The people of Pennsylvania do not support the abandonment of the children and public schools of Philadelphia. According to a recent poll by Lake Research, voters want the governor and Legislature to increase the funding of public schools.

Secretary Duncan, both you and President Obama have spoken numerous times about the importance of investing in our schools, teachers and students. The children of Philadelphia need your support now.

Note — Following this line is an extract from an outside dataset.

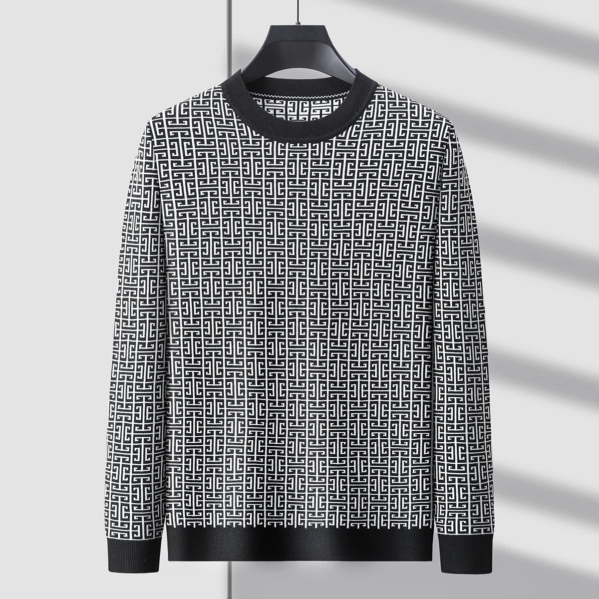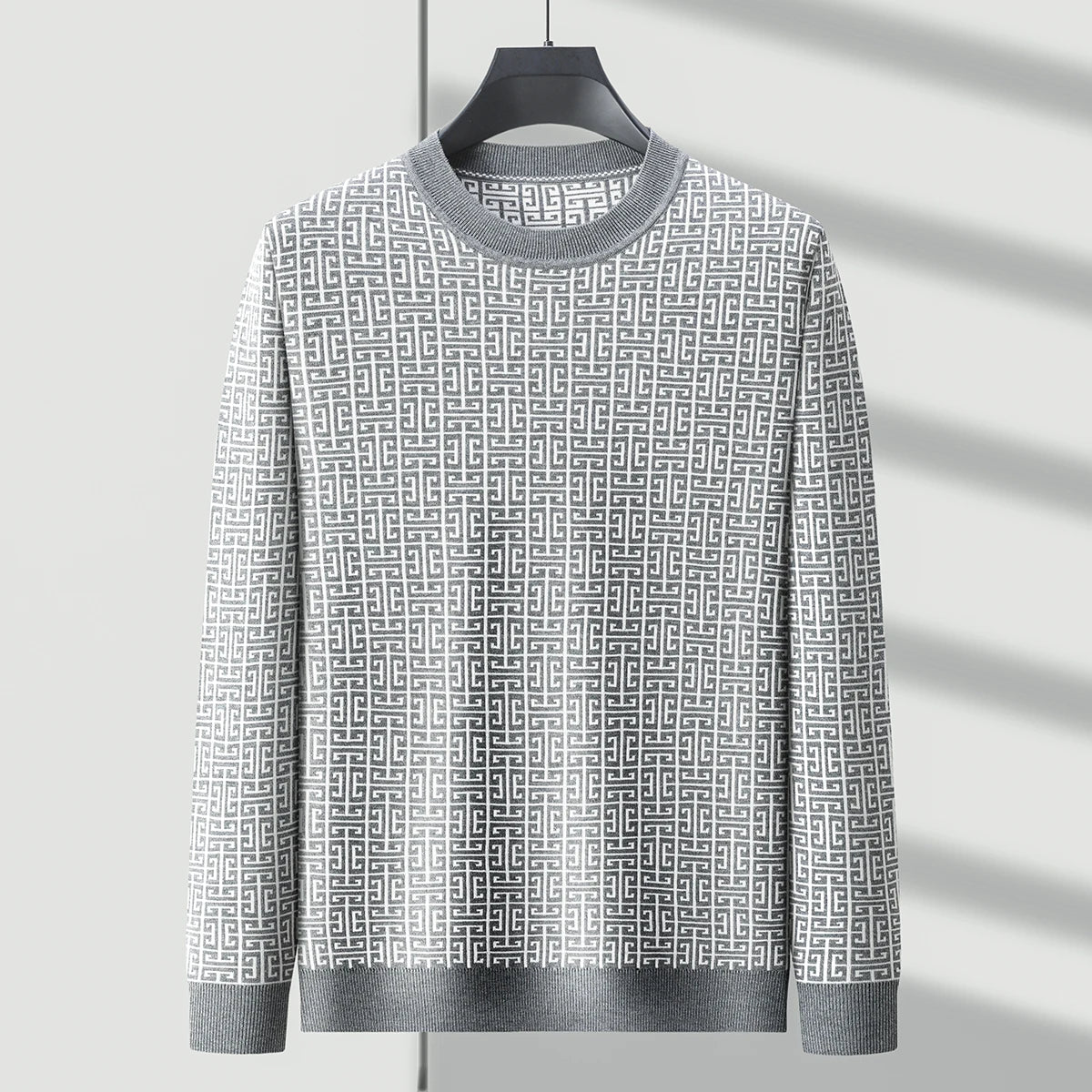 Upgrade your wardrobe with the Blake sweater, featuring a distinctive geometric maze pattern that adds a modern touch. Made from soft, breathable knit fabric with ribbed cuffs and hem, it offers comfortable warmth and a tailored fit. Ideal for layering or wearing on its own, this sweater pairs well with trousers or denim for a refined, casual look.
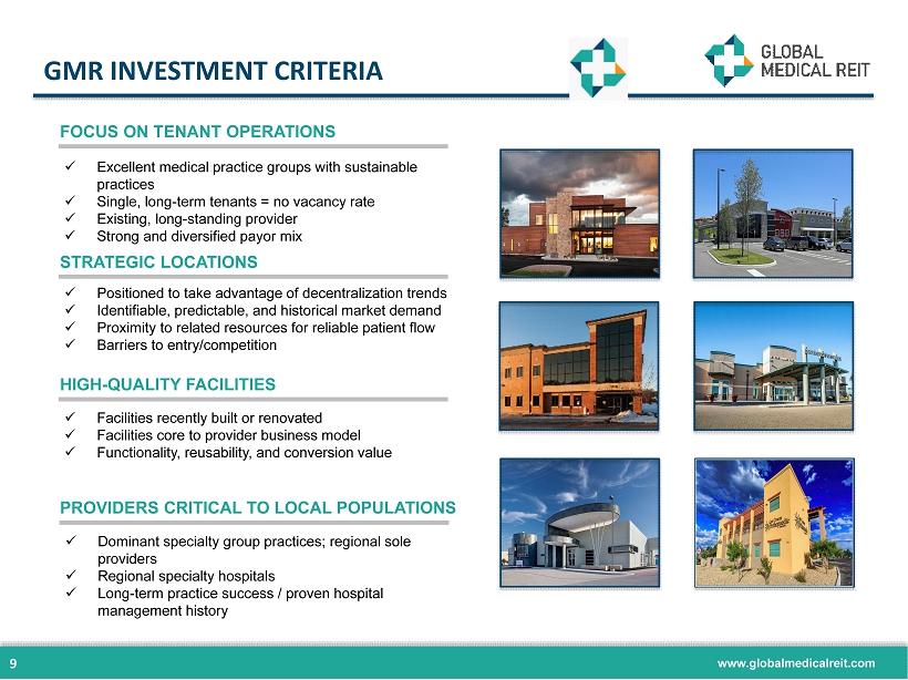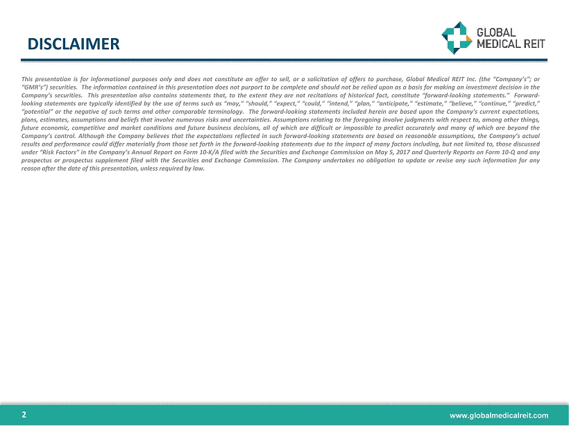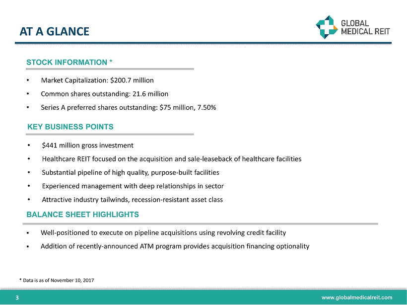 www.globalmedicalreit.com DISCLAIMER 2 This presentation is for informational purposes only and does not constitute an offer to sell, or a solicitation of offers to purchase, Global Medical REIT Inc . (the “Company’s” ; or “GMR’s”) securities . The information contained in this presentation does not purport to be complete and should not be relied upon as a basis for making an investment decision in the Company’s securities . This presentation also contains statements that, to the extent they are not recitations of historical fact, constitute “forward - looking statements . ” Forward - looking statements are typically identified by the use of terms such as “may,” “should,” “expect,” “could,” “intend,” “plan,” “anticipate,” “estimate,” “believe,” “continue,” “predict,” “potential” or the negative of such terms and other comparable terminology . The forward - looking statements included herein are based upon the Company’s current expectations, plans, estimates, assumptions and beliefs that involve numerous risks and uncertainties . Assumptions relating to the foregoing involve judgments with respect to, among other things, future economic, competitive and market conditions and future business decisions, all of which are difficult or impossible to predict accurately and many of which are beyond the Company’s control . Although the Company believes that the expectations reflected in such forward - looking statements are based on reasonable assumptions, the Company’s actual results and performance could differ materially from those set forth in the forward - looking statements due to the impact of many factors including, but not limited to, those discussed under “Risk Factors” in the Company’s Annual Report on Form 10 - K/A filed with the Securities and Exchange Commission on May 5 , 2017 and Quarterly Reports on Form 10 - Q and any prospectus or prospectus supplement filed with the Securities and Exchange Commission . The Company undertakes no obligation to update or revise any such information for any reason after the date of this presentation, unless required by law .

On behalf of the students, educators and families of Philadelphia, we ask you to publicly intervene. Reach out to Gov. Corbett and the state Legislature to seek additional funding for Philadelphia’s schools. Do not let them die. The children of Philadelphia need your help. Do not let them down.

Sincerely,

Randi Weingarten
President, American Federation of Teachers

Diane Ravitch
Historian, New York University

A reader explains why the Philadelphia All-City High School Orchestra is being closed and who should rescue it:

“Actually, philanthropy wouldn’t help. The orchestra is endangered because classroom instrumental music instruction has been eliminated from the budget (hence, no musicians to play in it). The cut was among those made to close a $300 million budget deficit caused largely by state cuts that fell particularly hard on the poorest districts. This is precisely the kind of problem that does not have a private solution but requires a public commitment to public education. (Though I wouldn’t be surprised if there isn’t a raft of charter applications for schools specializing in instrumental music).”

North Carolina has been cutting the budget of public schools, but there is always plenty for Teach for America in states with a rightwing legislature and governor. The state is increasing class sizes and eliminating the NC Teaching Fellows program, among many other cuts.

A reader sends this comment:

“In North Carolina, the state has invested four million dollars in TFA despite getting rid of teacher assistants, cutting supplements for teachers for advanced degrees, eliminating class caps, and other misguided policies that will spell disaster for public schools. From Senate Bill 402

“Teach For America
$5,100,000

Current state support is $900,000. State support to increase by $5,100,000 to establish a TFA program in the Triad region, grow in the southeastern region, targeted subject specific recruitment and the assumption of management responsibilities for the NC Teacher Corps beginning 2014-15.”